The nuclear envelope consists of an inner and an outer nuclear membrane that are connected with each other at perforations formed by nuclear pore complexes (NPCs). The outer nuclear membrane is continuous with the ER membrane, and the space between the inner and outer nuclear membranes is continuous with the ER lumen. RNA molecules, which are made in the nucleus, and ribosomal subunits, which are assembled there, are exported to the cytosol; in contrast, all the proteins that function in the nucleus are synthesized in the cytosol and are then imported. The extensive traffic of materials between the nucleus and cytosol occurs through NPCs, which provide a direct passageway across the nuclear envelope. The interior of NPCs contains a mesh of unstructured proteins that allows passage of small molecules but imposes a diffusion barrier that requires large macromolecules to be actively transported.

Nuclear localization signals and nuclear export signals on proteins to be transported through NPCs are recognized by corresponding nuclear transport receptors. These receptors function by binding their cargoes selectively on one side of the nuclear envelope, increasing the diffusion rate through NPCs, and releasing cargoes selectively on the other side. The free energy of GTP hydrolysis by the monomeric GTPase Ran is harnessed to provide the directionality for nuclear transport. Messenger RNAs are exported from the nucleus through NPCs as parts of large ribonucleoprotein complexes; they use a different transport route that uses ATP hydrolysis to remodel the complexes at the cytosolic side of NPCs. Cells regulate the transport of nuclear proteins and RNA molecules through the NPCs by controlling the access of these molecules to the transport machinery. Because nuclear localization signals are not removed, nuclear proteins can be imported repeatedly, as is required each time that the nucleus reassembles after mitosis.

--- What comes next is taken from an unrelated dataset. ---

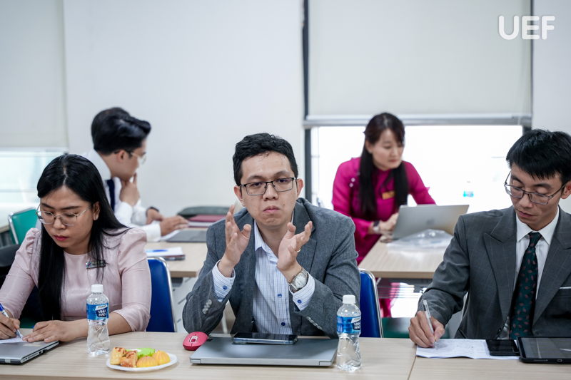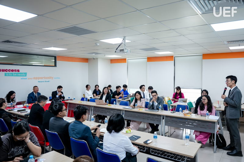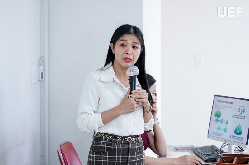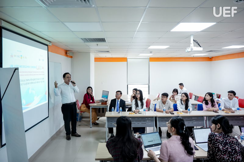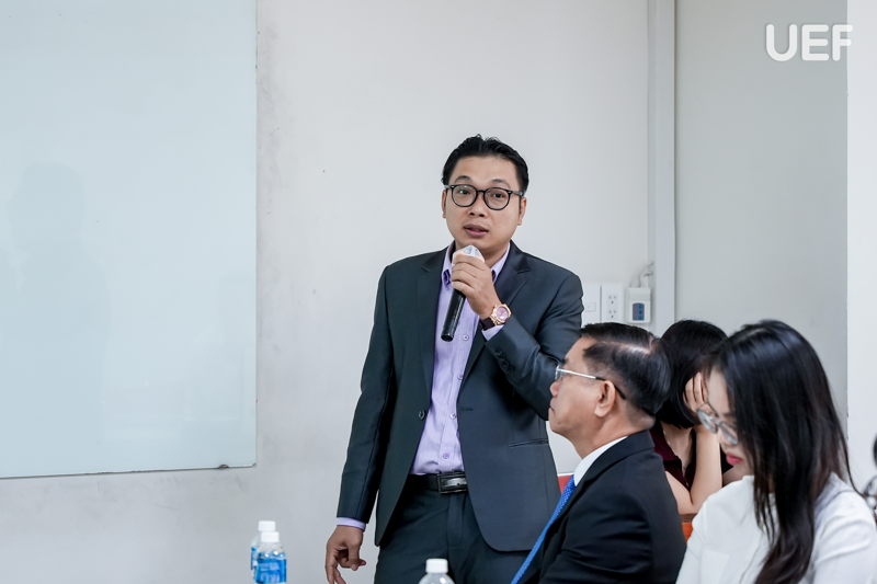 Trong phần trình bày của mình, TS. Phan Bảo Giang - Phó Hiệu trưởng UEF đã lý giải kinh tế tuần hoàn dưới góc độ pháp luật bảo vệ môi trường, đồng thời đưa ra các dẫn chứng từ doanh nghiệp đang triển khai mô hình này. Những phân tích cho thấy tính cấp thiết của việc hoàn thiện hệ thống pháp lý nhằm tạo hành lang thuận lợi cho doanh nghiệp chuyển đổi, cũng như thúc đẩy các hoạt động gắn với mục tiêu phát triển bền vững. Từ đó, nhiều giải pháp về chính sách và pháp luật được gợi mở, tạo nền tảng cho các nghiên cứu tiếp theo.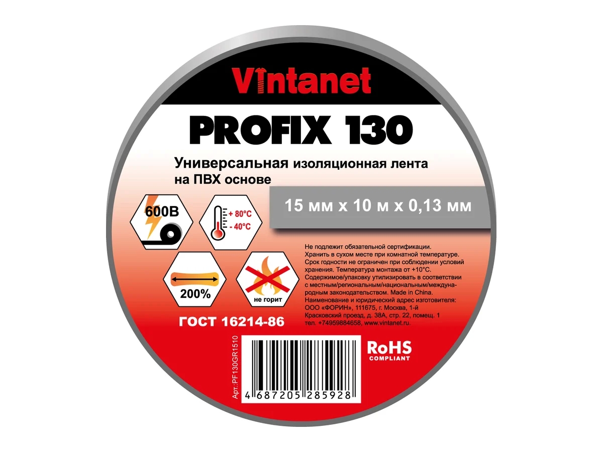 - Электроизоляционная лента PROFIX 130 доступна в следующих размерах 15мм х 10м и 19мм х 20м

nuclear envelope: The double membrane (two bilayers) surrounding the nucleus. Consists of an outer and inner membrane and is perforated by nuclear pores. The outer membrane is continuous with the endoplasmic reticulum.
inner nuclear membrane: One of two concentric membranes comprising the nuclear envelope; contains specific proteins as anchoring sites for chromatin and the nuclear lamina.

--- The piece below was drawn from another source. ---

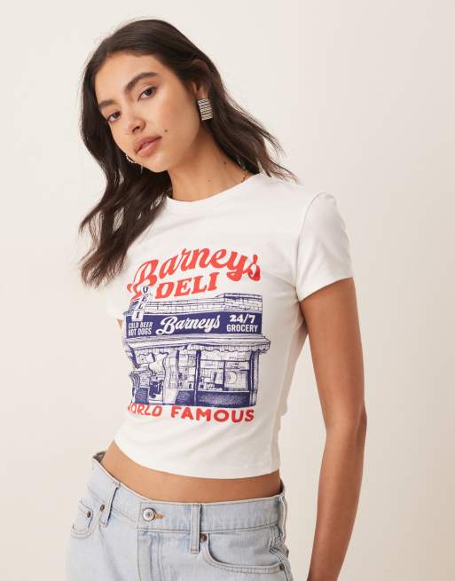 ASOS DESIGN – Knapp geschnittenes T-Shirt in Weiß mit „New York Deli“-Grafikprint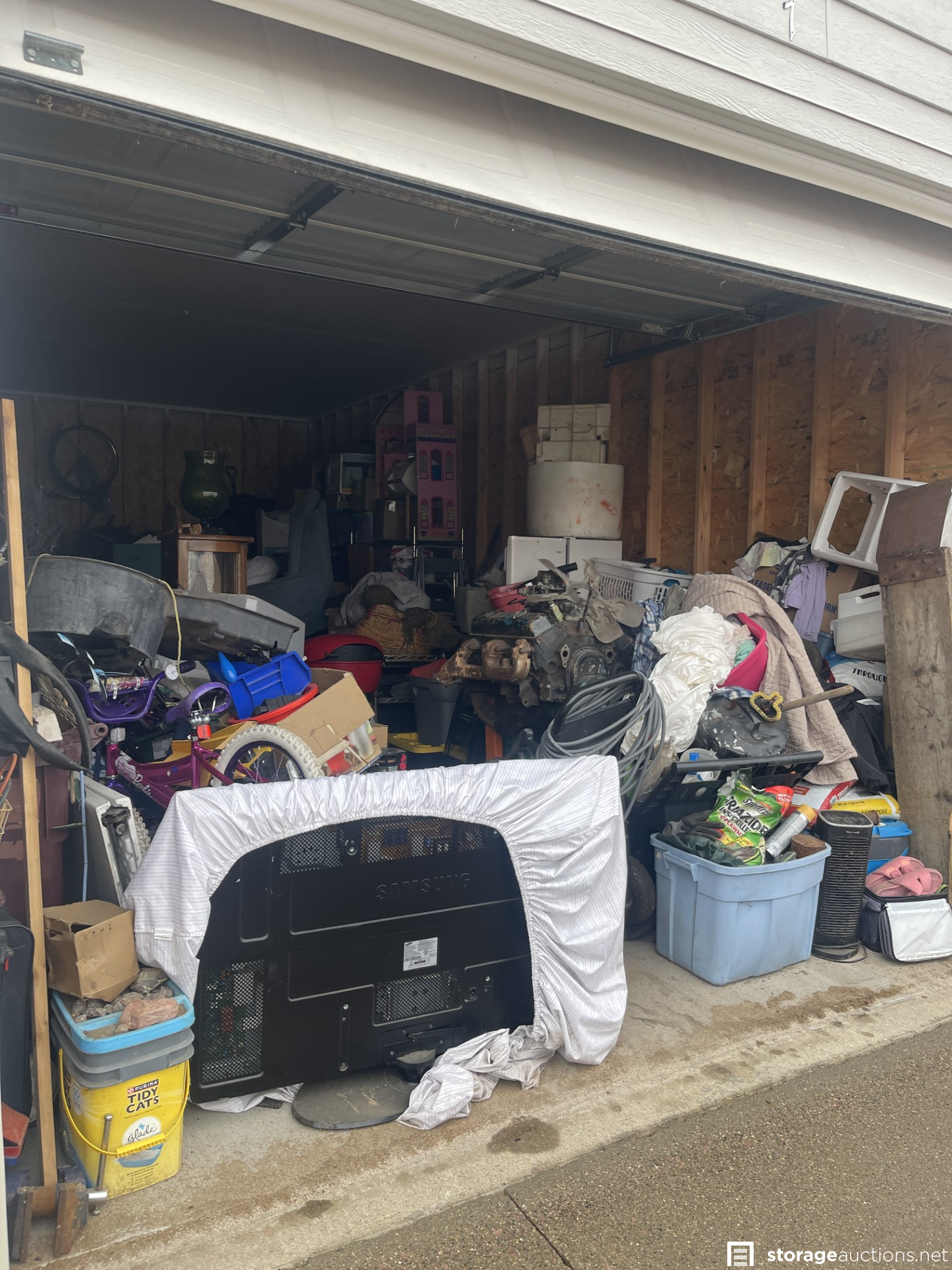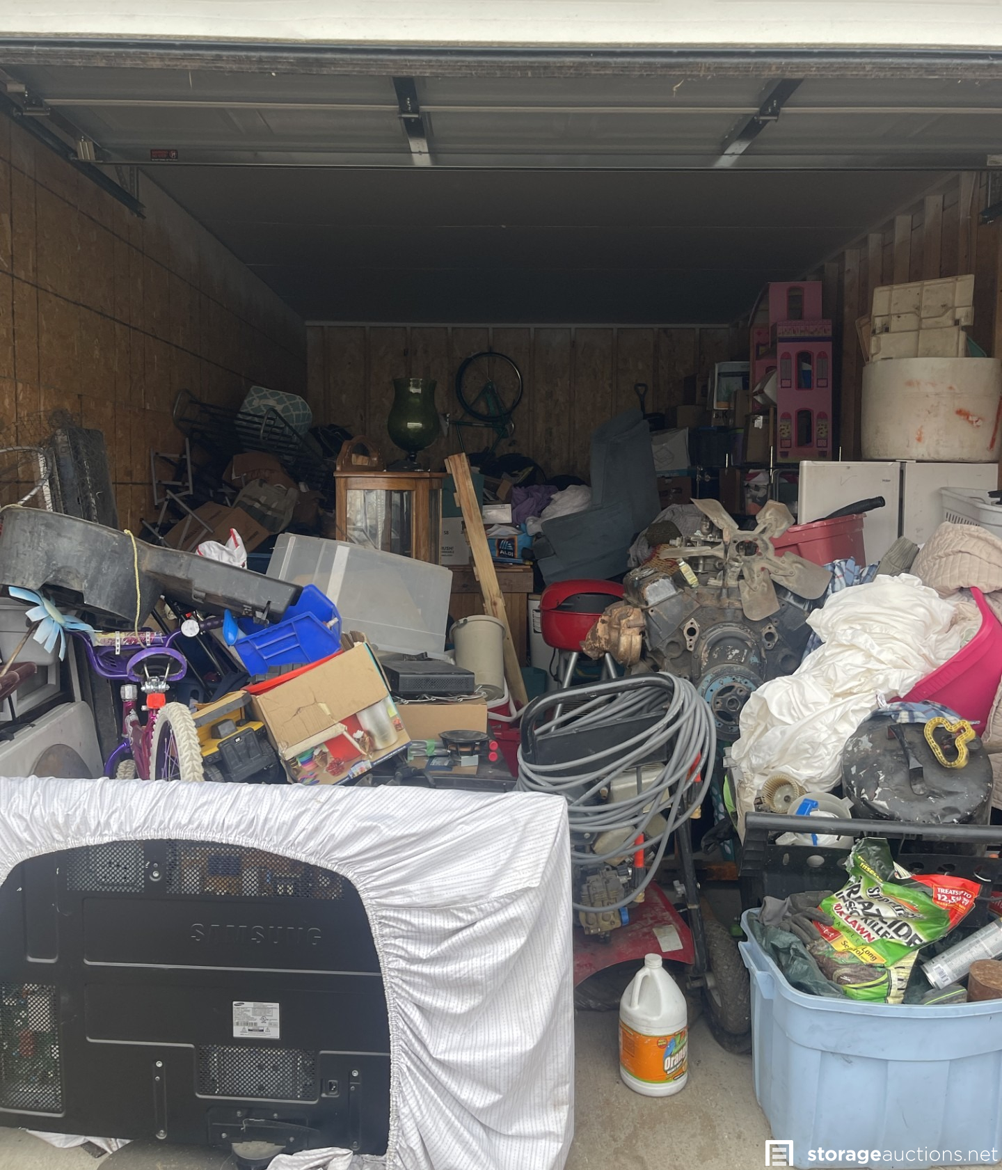 Flat screen TV, vehicle engine, power washer, furniture (a display cabinet, dresser, chair, and folding table) children's toys (bicycles & a dollhouse), and other various household items.

nuclear lamina: Fibrous meshwork of proteins on the inner surface of the inner nuclear membrane. It is made up of a network of intermediate filaments formed from nuclear lamins.
outer nuclear membrane: One of two concentric membranes comprising the nuclear envelope; surrounds the inner nuclear membrane and is continuous with the inner nuclear membrane and the membrane of the endoplasmic reticulum.
nuclear pore complexes (NPCs) (NPC): Large multiprotein structure forming an aqueous channel (the nuclear pore) through the nuclear envelope; it allows selected molecules to move between nucleus and cytoplasm.
nucleoporins: Any of a number of different proteins that make up nuclear pore complexes.
nuclear localization signals (NLSs) (NLS): Signal sequence or signal patch found in proteins destined for the nucleus that enables their selective transport into the nucleus from the cytosol through the nuclear pore complexes.
nuclear transport receptors (karyopherin): Protein that escorts macromolecules either into or out of the nucleus: nuclear import receptor or nuclear export receptor.
nuclear import receptors: Proteins that recognize nuclear localization signals to initiate the nuclear import of proteins containing the appropriate nuclear localization signal.
nuclear export receptors: Proteins that bind to both the export signal and nuclear pore complex proteins, so as to guide their cargo through the nuclear pore complex to the cytosol.
Ran (Ran protein): Monomeric GTPase of the Ras superfamily present in both cytosol and nucleus. It is required for the active transport of macromolecules into and out of the nucleus through nuclear pore complexes.
nuclear export signals: Sorting signal contained in the structure of those protein molecules and RNA–protein complexes that are to be transported from the nucleus to the cytosol through nuclear pore complexes; includes nuclear RNPs and new ribosomal subunits.
nuclear lamin: Protein subunit of the intermediate filaments that form the nuclear lamina.